Most unions have strike funds to help keep workers afloat while they’re off the job, but strike pay is often less than half of one’s normal wages. Many workers end up tapping into their savings or picking up shifts at lesser-paying jobs to make ends meet. The financial insecurity can make it hard to dig in for an extended period and sometimes leads workers to accept subpar arrangements.
Unemployment benefits could change workers’ calculus. Like strike pay, the benefits typically only cover a portion of a worker’s lost salary. But the additional money could enable them to hold out on strike for a better deal — or pressure an employer to reach a deal sooner, knowing that workers have a more robust safety net.
Doglio noted that benefits in Washington state top out at around $1,000 a week, and lower-wage workers would collect much less.
“It’s still not a happy thing to go on strike,” she said. “I don’t think this is going to be a make-or-break in terms of whether workers will.”
Bob Battles, the director of government affairs for the Association of Washington Business, an employer trade group, said that strikers shouldn’t receive benefits because striking is a choice.
“We believe that the use of unemployment insurance for the purposes of striking workers fundamentally goes against the underlying principle of what the [state’s existing unemployment] statute is about: to reimburse employees … when they lose their wages through no fault of their own,” Battles said in an interview.
Under Doglio’s original bill, the cost of benefits for strikers would be socialized — i.e., spread across all employers paying into the unemployment system. An amendment changed the bill to steer the cost expressly to the employers involved in strikes.
“Even when workers are eligible, they don’t always take up those benefits.”
– Daniel Perez, Economic Policy Institute
Although there’s been a recent upsurge in walkouts and labor activism, the number of striking workers these days is small compared with the 1960s and 1970s, when union density was much higher. Only 1 in 10 workers belongs to a union today, compared with 1 in 3 in the years following World War II.

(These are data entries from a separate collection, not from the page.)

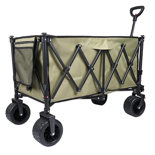 Sekey XXXL Chariot de Transport Pliable avec Freins 300L 200KG, Chariot de Plage Jardin avec Roues Extra Larges 17x10 cm, Pliable Breveté dans Quatre Directions SE4013, Vert Olive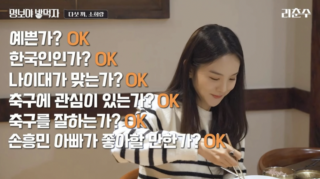 송소희가 부끄러워 하는 모습을 보이자 이천수는 “이유가 있다. 예쁜가? 오케이. 한국인인가? 오케이. 나이대가 맞는가? 오케이. 축구에 관심이 있는가? 오케이. 축구를 잘하는가? 오케이. 손흥민 아빠가 좋아할 만한가? 오케이.”라며 설명했다.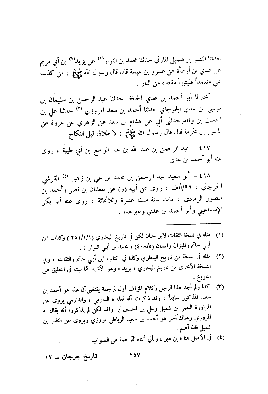 418- أَبُو سَعِيد عَبْدِ الرَّحْمَنِ بْنِ مُحَمَّدِ بْنِ عَلِي بْن زُهَيْر4 القرشي الْجُرْجَانِي 96/ألف رَوَى عَنْ أَبِيهِ وعن سعدان بْن نصر وَأَحْمَد بْن مَنْصُور الرمادي مَات سَنَة ست عشرة وثلاثمائة روى عنه أَبُو بكر الإسماعيلي وأبو أَحْمَد بْن عدي وغيرهما.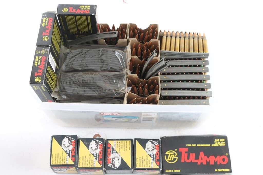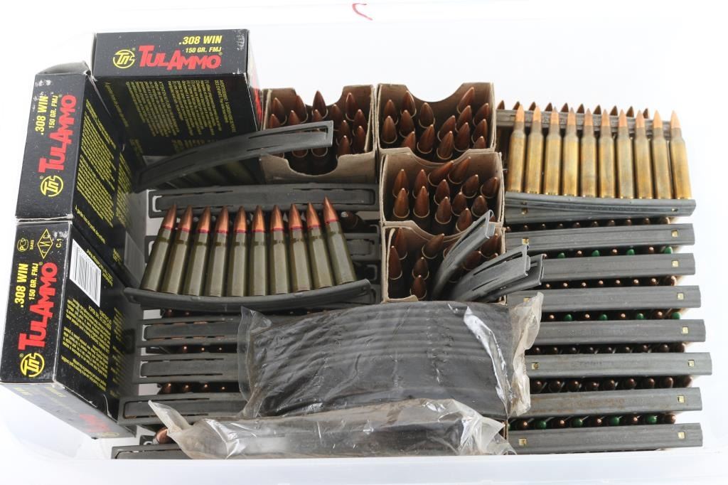 Approx. 520 rounds total. Approx. 230 rnds of 7.62 X 39mm; approx. 210 rnds of 5.56 X 45mm; approx. 90 rnds of 7.62 X 54mm; approx. 80 rnds of 308; various brands in factory boxes, cartons & on stripper clips.
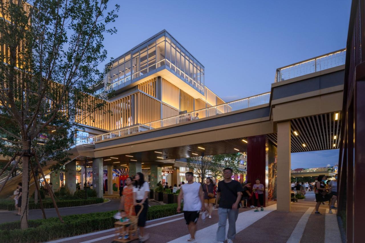 霍营西路把项目生硬地划分为两个街区,两侧建筑相距50米,形成了巨大挑战。如何把两个街区连接在一起?人行天街的引入则势在必行。新建的两座天桥在空中创造了新的开放空间,提供了感知建筑的不同视角,游客可以在桥上行走,也可以趴在栏杆上看风景,于此同时,他们也成为别人眼睛里的风景。就好像清明上河图一样,创造了一个有故事,有层次的商业画卷。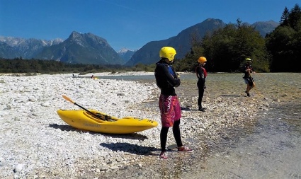Rano ok. 9:30 spotykamy się na wspólnym przywitaniu i wydaniu sprzętu osobistego: pianki, butów, kasków i kamizelek. Dziś stawiamy pierwszy kroki na wodzie. Uczymy sie wsiadania i wysiadania, a także utrzymania równowagi w kajaku i płynięcia na wprost po stojącej wodzie, a także poprawnego opuszczania kajaka po wywrotce:). Płyniemy też oczywiscie nasz pierwszy odcinek rzeki Soca. Po południu wykład nr 1 - wprowadzenie do kajakarstwa górskiego.

Perez of the Economic Policy Institute noted that the majority of strikes last only a few days, and so most workers wouldn’t even qualify for benefits under the proposed legislation. A lot of unemployed workers don’t bother navigating the red tape anyway.
“Even when workers are eligible, they don’t always take up those benefits,” he said.
Washington’s Employment Security Department estimates that Doglio’s legislation would lead to between just 812 and 3,470 additional claims a year, raising the state’s unemployment payments by less than 1%. Those figures are extrapolated from claims filed in New Jersey after that state passed its law entitling strikers to benefits. Battles said that the estimate discounts the possibility of a large and long strike involving tens of thousands of workers.
For employers with unionized workforces, the prospect of unions gaining more leverage in negotiations is probably a greater concern than higher unemployment insurance costs. If workers have a better financial cushion while striking, companies are more likely to meet their demands on wages and benefits sooner rather than later. Backers of the Washington bill argue that this dynamic would encourage productive bargaining and help prevent strikes to begin with.
That’s probably little consolation to a company as powerful as Boeing, which is gearing up for a massive contract fight this year with its largest union, the International Association of Machinists and Aerospace Workers. Union members could demand pay increases as high as 40% from the aerospace manufacturer. They are already planning a strike authorization vote for July.
Boeing hasn’t weighed in publicly on Washington’s unemployment insurance bill, and the company declined to comment. But Doglio said that the company wouldn’t be pleased about it.
“They are definitely concerned,” she said.